Его сходство с Рут, а значит, и с Габриелем, было поразительным. Те же аристократические черты, те же удивительно светлые волосы, та же бледная кожа и тот же лениво-болезненный вид.
– Как вам нравится наш дом? – с интересом спросил Люк.
– Она провела в доме не больше десяти минут и почти ничего не видела, к тому же сейчас темно, – напомнила ему мать.
– Завтра я поведу вас на экскурсию, – пообещал он.
Я поблагодарила, и он с вежливым поклоном посторонился. Но, пропустив нас вперед, он также примкнул к процессии и поднялся на четвертый этаж, где располагались комнаты Габриеля.
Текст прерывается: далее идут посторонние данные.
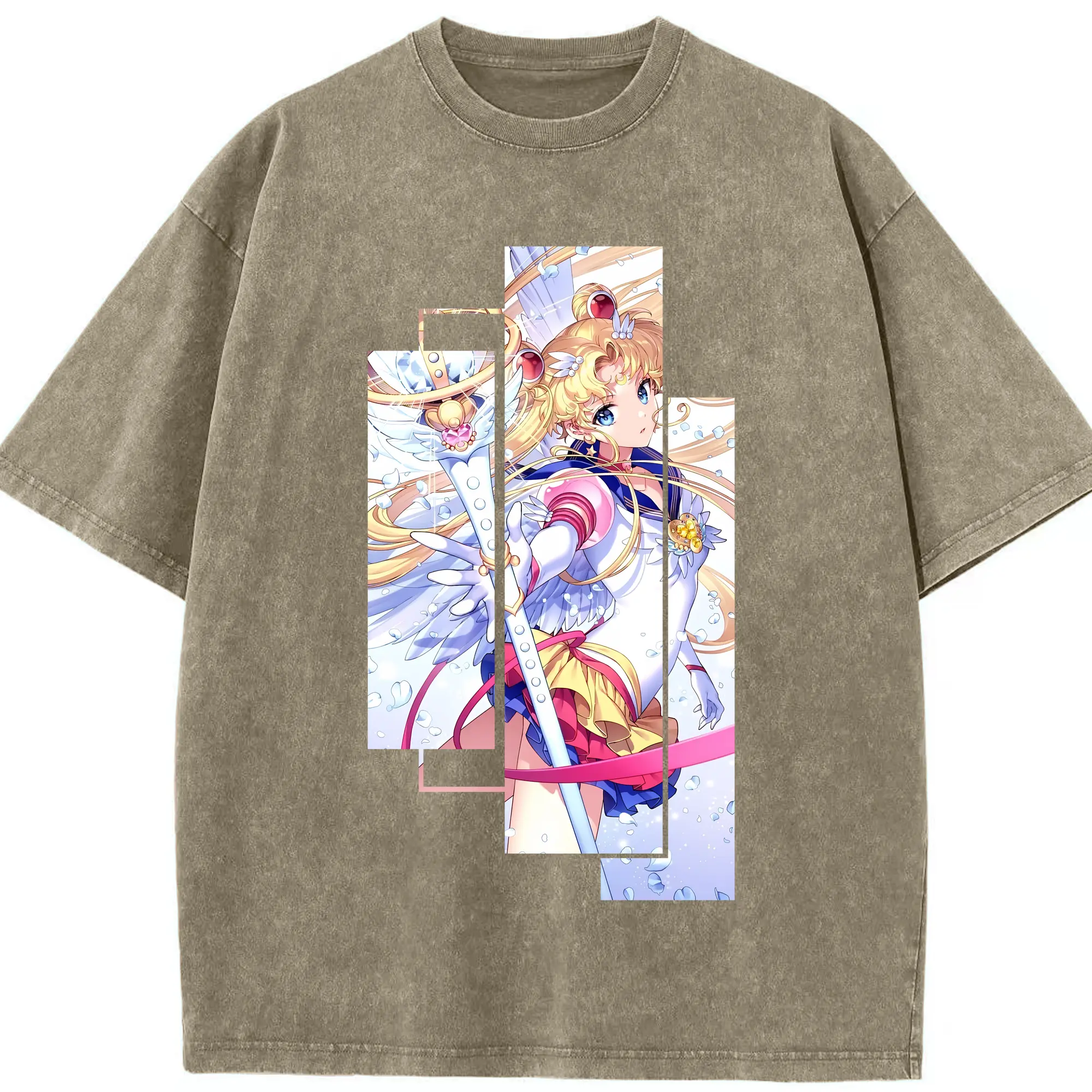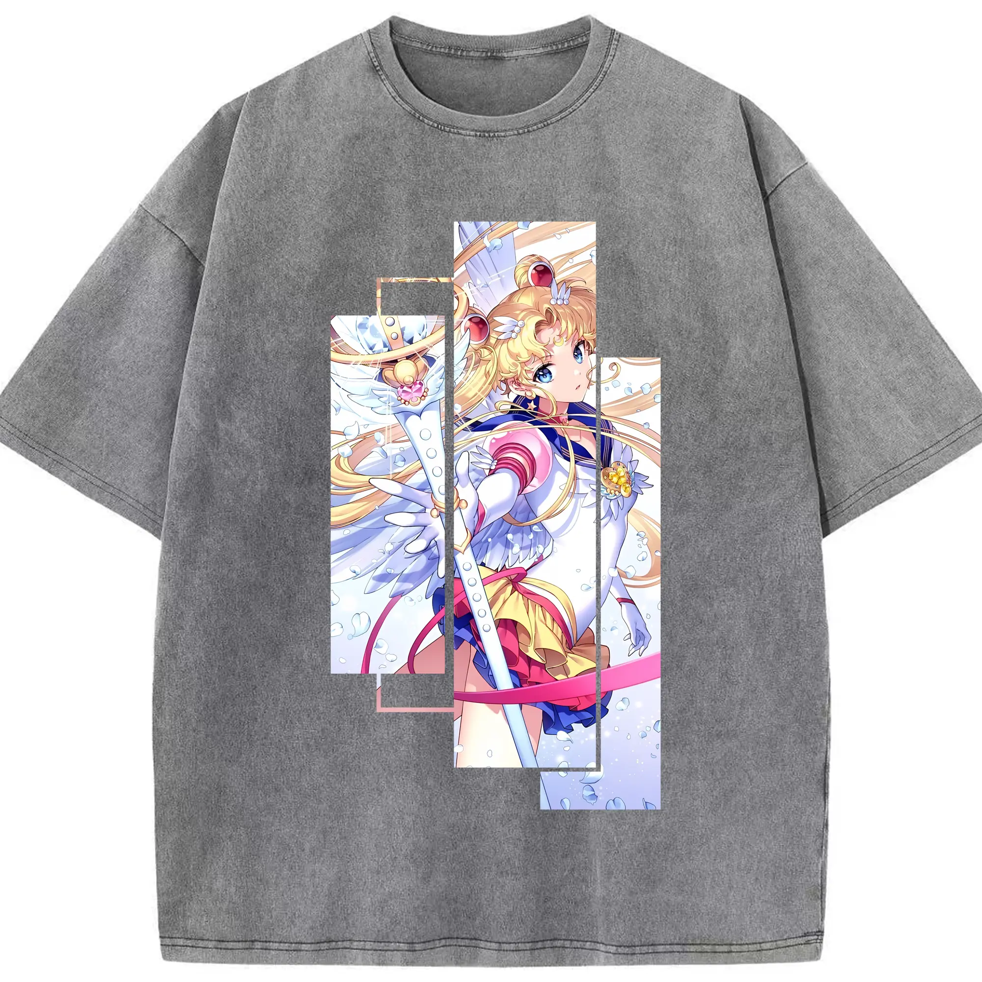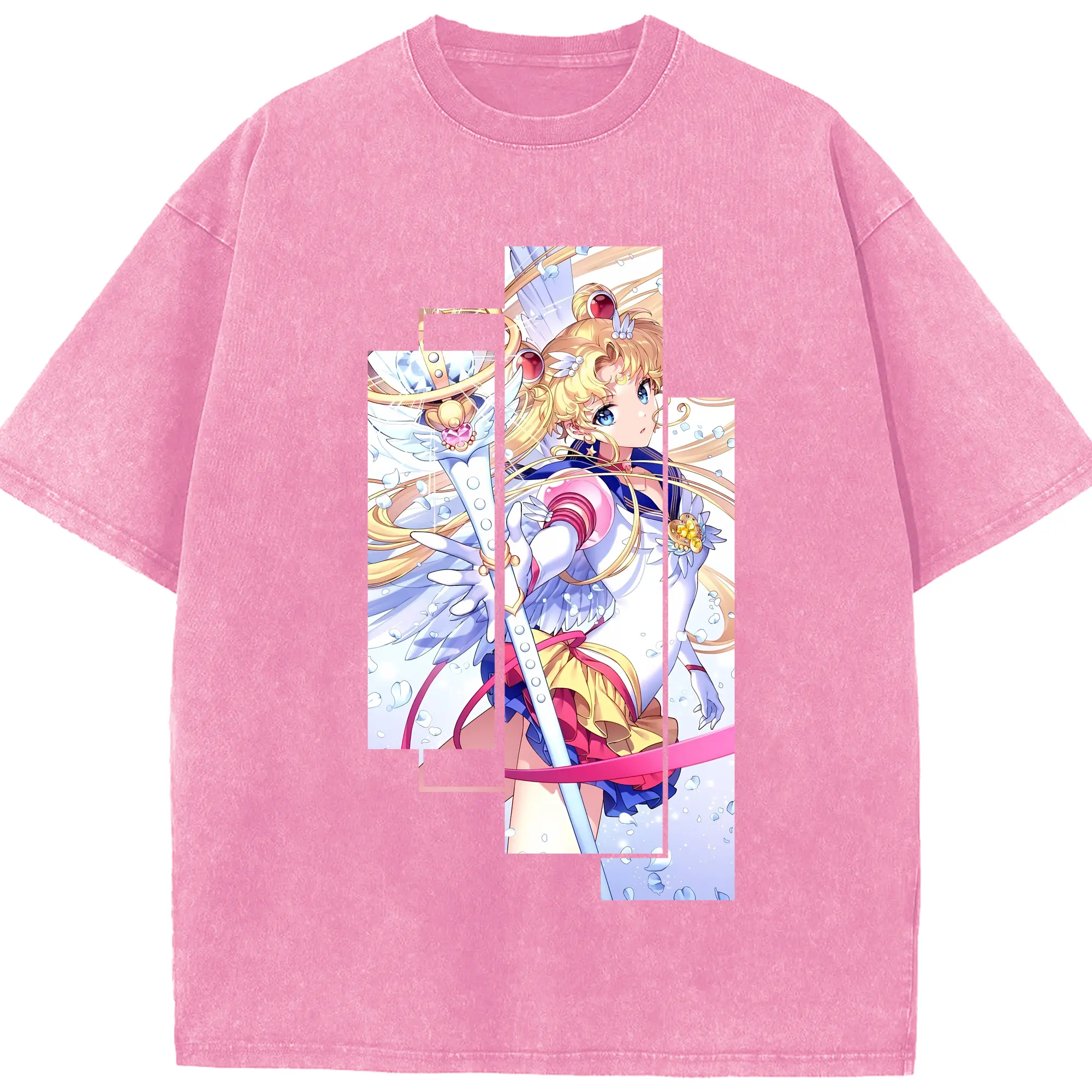 美少女戦士セーラームーン グッズ 月野 うさぎ - 綿100% ヴィンテージ風 半袖Tシャツ ・ 背面プリント ・ 柔らか肌触り ・ 通気性 快適 ・ スポーツ カジュアル 外出用

Мы вошли в круговую галерею, и ощущение, что за нами наблюдают, стало еще сильней, ибо здесь висели фамильные портреты, изображавшие предков Габриеля в натуральную величину. Галерея освещалась тремя лампами из розового кварца, и в их дрожащем мерцании фигуры на портретах выглядели живыми.
– Вот мы и пришли, – сказал Габриель и сжал мою руку.
Из корзины раздалось поскуливание – это Пятница напоминал мне о своем присутствии. Ему всегда передавалось мое настроение, и я осознала, что чувствую себя пленницей во враждебном окружении. Ничего, подбодрила я себя, это просто сумерки. Утром все покажется не таким мрачным. В этих старинных домах всегда жутковатая атмосфера, по вечерам из всех углов выползают тени и наводят ужас на людей с чересчур живым воображением.